Наконец хоть кто-то говорит правду, подумал я. Потом спросил, почему она никому не рассказывает.
– Не знаю… – так она просила дать ей минуту на раздумья, а может, пыталась правильно подобрать слова. – Люди, которые много читают, скрытны. Они прячут свою суть. А тот, кто скрывается, обычно не нравится сам себе.
– Ты тоже прячешь свою суть?
– Иногда. А ты разве нет?
– Я? Да, наверное.
И вдруг, наперекор всем своим инстинктам, я неожиданно спросил ее о том, о чем раньше спросить бы не осмелился.
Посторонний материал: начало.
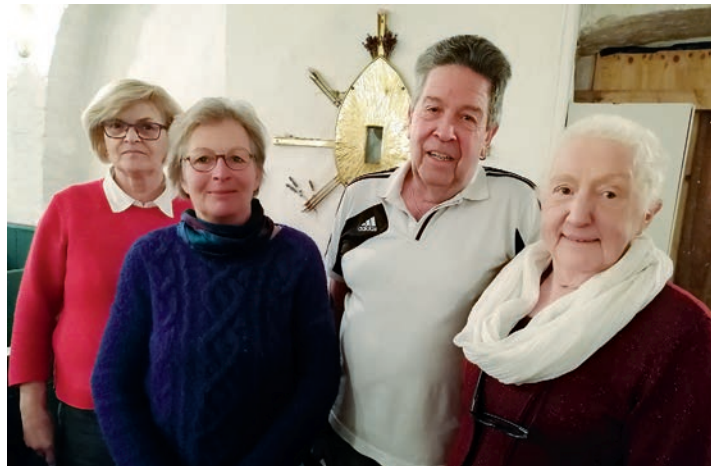
Einige Mitglieder des Fördervereins der St. Marienkirche i.G.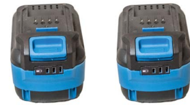
x 2 Batterien B1840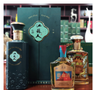
江苏人:时间是 最好的调酒师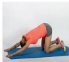
1 Raztezanje iztegova ramena.

Za raztezanje v sklepnem delu vadbe izberemo sledeče statične raztezne vaje.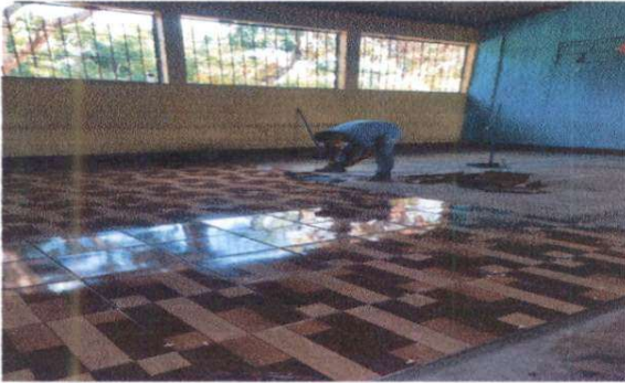
Foto1: sustitución de torta de cemento a piso ceramico aula,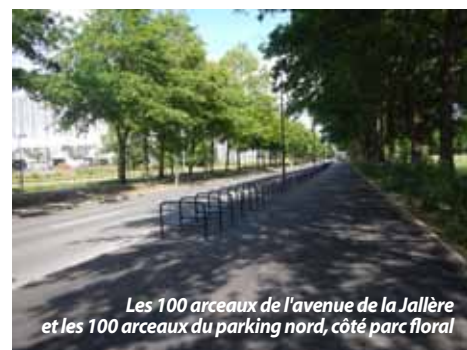
Les 100 arceaux de l'avenue de la Jallère et les 100 arceaux du parking nord, côté parc floral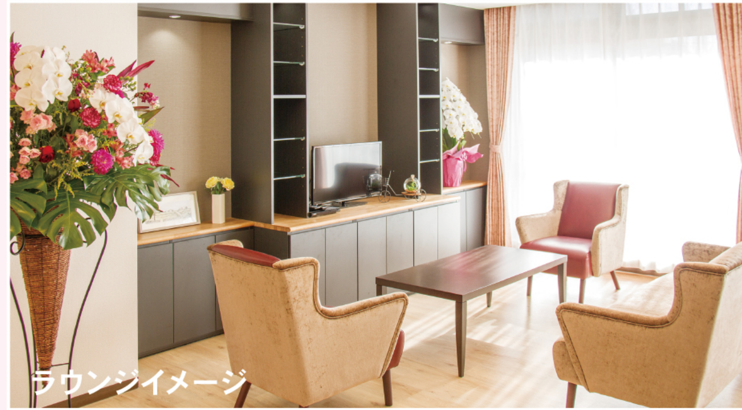
ラウンジイメージ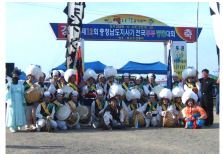
전국 주부 풍물대회 창설 (1997~ ) 전통문화 계승발전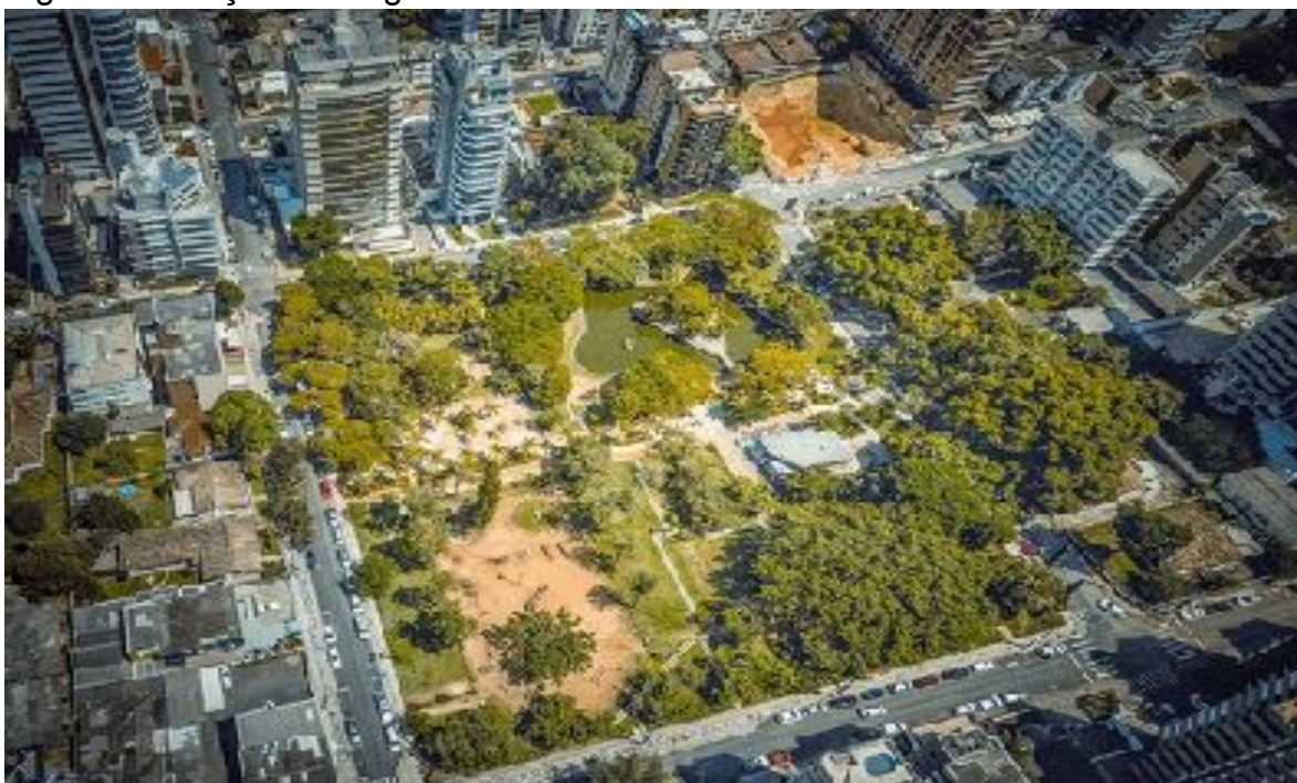
Figura 4 - Praça do Congresso

A Praça do Congresso (Figura 4), localizada na rua Lauro Müller, no Centro de Criciúma/SC foi inaugurada em 1968 na semana da criança tendo em vista que a praça era destinada a esse público, também sendo procuradas para caminhadas e exercícios físicos. A Praça do Congresso é um patrimônio histórico, não apenas por ser uma das praças mais visitadas da cidade, também porque constitui lembranças e troca de práticas sociais e culturais para diversos e múltiplos agentes (NASCIMENTO et al. , 2003, p. 50-53).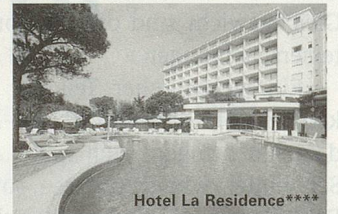
Hotel La Residence****

Carreise ab der ganzen Deutschschweiz vom 19.02. bis 29.10. jeden Samstag und zusätzlich jeden Montag in der Hochsaison. Sie haben die Wahl aus 17 Hotels der *** und **** Kategorie.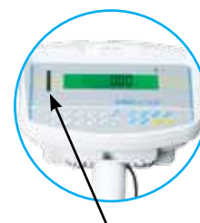
Voyants LED pour le contrôle de pesée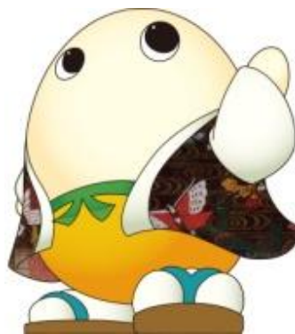
国民文化祭PR隊長「まゆまる」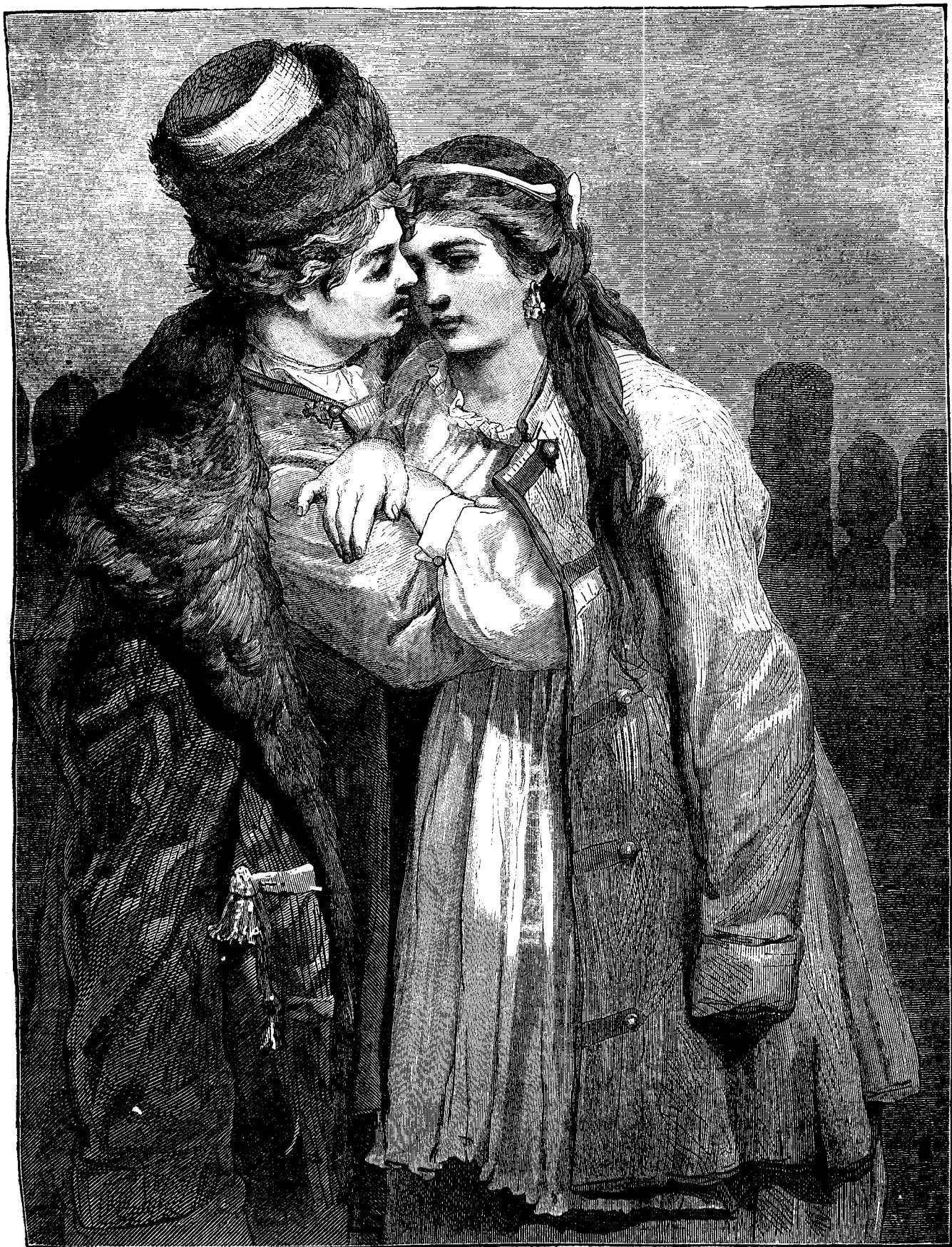
Logodiți din Rusia mică.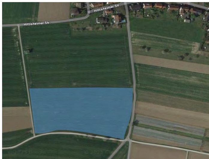
Lageplan des Feuerwehrlager

Das Kreisjugendfeuerwehr-Zeltlager im Sommer 2026 hier in Bohlingen. Wenn dort genauso viel Teamgeist und gute Laune herrschen wie beim Frühlingsfest, steht einem unvergesslichen Erlebnis nichts im Weg.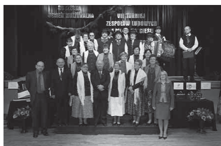
GrandPrix dla Kobiórzan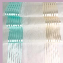
8TK742 Органза жаккард -365 р./м.п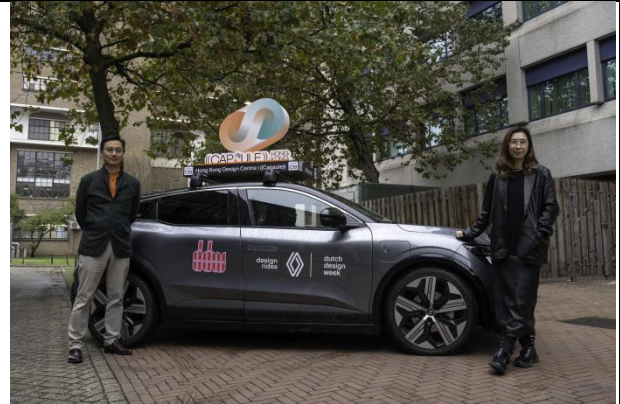
当地出租车化身为「『香港设计((囊))'Design Rides」，以夺目有趣的方式与观众互动。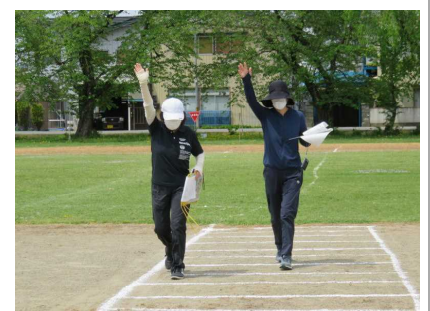
先生たちの師範もとても上手でした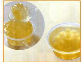
りんごっこゼリー (60g)

この他に「凍り豆腐サンドフライ」「おからカレーコロッケ」「アスパラと豚肉の信州春巻」があります。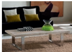
543690 pág. 8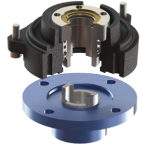
Forme · Form C

Alésage claveté (Ø20 mm max.). Fixation par quatre trous taraudés M10 (profondeur 20 mm) ou quatre trous taraudés M8 (profondeur 15 mm) Small keyed bore (Ø20 mm max.) Connection with four M10 threaded holes (depth 20 mm) or four M8 threaded holes (depth 15 mm)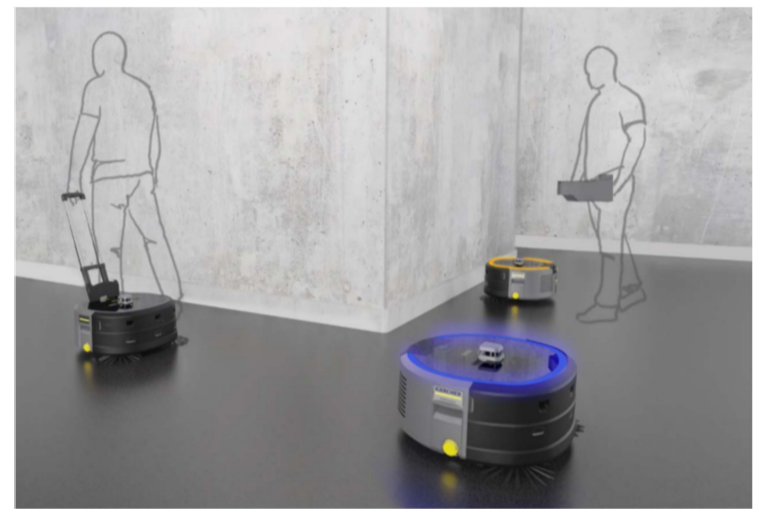
床清掃ロボット KIRA CV 50 (参考出展)

た需要が継続的に見込まれる反面、地域によっても異なるが、採用コストをかけ、賃金の見直しをしても人が集まらない、定着しない状態が恒常化し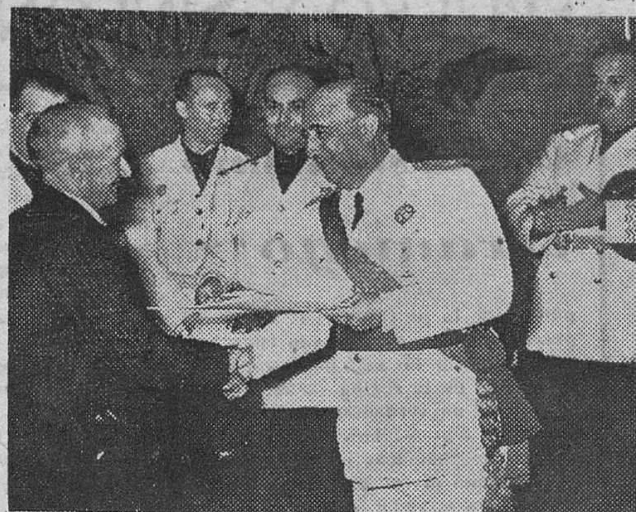
MADRID.— Su Excelencia el Jefe del Estado estrecha la mano a un obrero ejemplar en el acto de la entrega de diplomas, celebrado con motivo de la fiesta de Exaltación del Trabajo.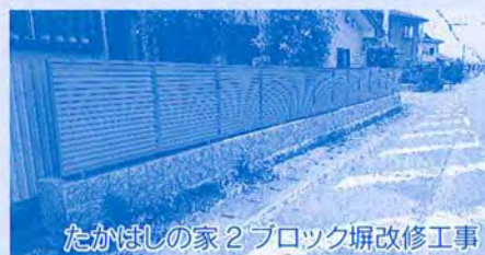
たかはしの家2ブロック塀改修工事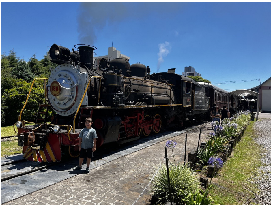
Figura 1. Locomotiva Mikado 156.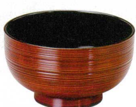
10-254-8 W-15-2 PET 3.8寸荒筋汁椀 栃内黒 ¥850 (11.1φ×6.4 390cc) 梱200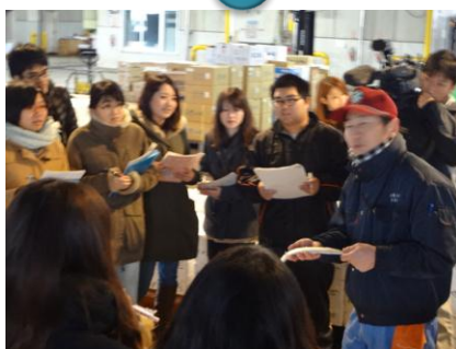
魚の説明は興味深いものばかり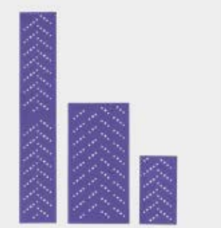
Hojas abrasivas 3M™ Cubitron™ II 737U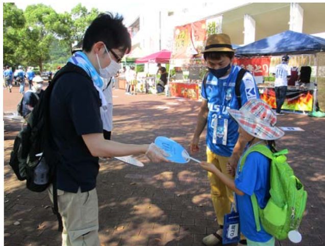
アスルカラーのうちわを配布

例年は、会場内に事業PRブースを設置し、完成イメージの模型やパネルを展示しながら、直接対話による事業説明を行っていますが、今年は、密を避けるために展示や説明は行わず、マスクとビニール手袋を着用してうちわの配布のみを実施しました。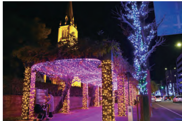
藤棚に設置された「光のトンネル」。ライトアップされたカトリック久留米教会もまちなかに彩りを添えます

12月8日に「第19回くるめ光の祭典」とめきファンタジー」が始まりました。久留米シティプラザの六角堂広場で点灯式を開催。来場者のカウントダウンで、明治通りや西鉄久留米駅東口広場などのイルミネーションが一斉に点灯しました。シティプラザ西側の六ツ門テラスや日吉町交差点近くには「光のトンネル」などのフォトスポットもあります。2月18日(日)まで。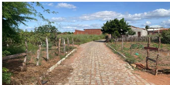
Logradouro 01 vista 01 - Vértice 03

– А от меня ты тоже прячешься?
– Нет, не прячусь. Хотя… Пожалуй, да, немного.
– Это как?
– Ты прекрасно знаешь как.
– Почему ты так говоришь?
– Почему? Потому что, мне кажется, ты можешь меня ранить, а я не хочу, чтобы мне было больно. – Она на секунду замолчала. – Не в том смысле, что ты хочешь причинить кому-то боль, просто в любую секунду ты можешь передумать, даже если уже что-то решил; ты вечно куда-то ускользаешь, и никто никогда не знает, где тебя найти. Я боюсь тебя.
Мы шли так медленно, что, сами того не заметив, остановились. Я наклонился и мягко поцеловал ее в губы. Марция приставила свой велосипед к двери закрытого магазина и, прислонившись к стене, попросила:
– Поцелуй меня еще раз.
Я оставил велосипед на подножке посреди переулка, подошел совсем близко и взял ладонями ее лицо. Мы принялись целоваться. Я подался вперед: мои руки – под ее рубашкой, ее руки – у меня в волосах. Мне нравились ее простота и прямота; они ощущались в каждом слове, произнесенном ею в ту ночь, – безрассудном, откровенном, искреннем, – и в том, как ее бедра ответили моим – без стеснения и без резкости, будто связь между ее губами и бедрами была прямой и мгновенной. Поцелуй в губы не был прелюдией к более глубокому контакту – это и был полный контакт. Между нашими телами не было ничего, кроме одежды, и потому я не удивился, когда ее рука скользнула между наших тел и – дальше – ко мне в брюки, и она сказала:
– Sei duro, duro, ты так возбужден…
И ее прямота, ничем не сдерживаемая и неприкрытая, возбуждала меня еще сильнее.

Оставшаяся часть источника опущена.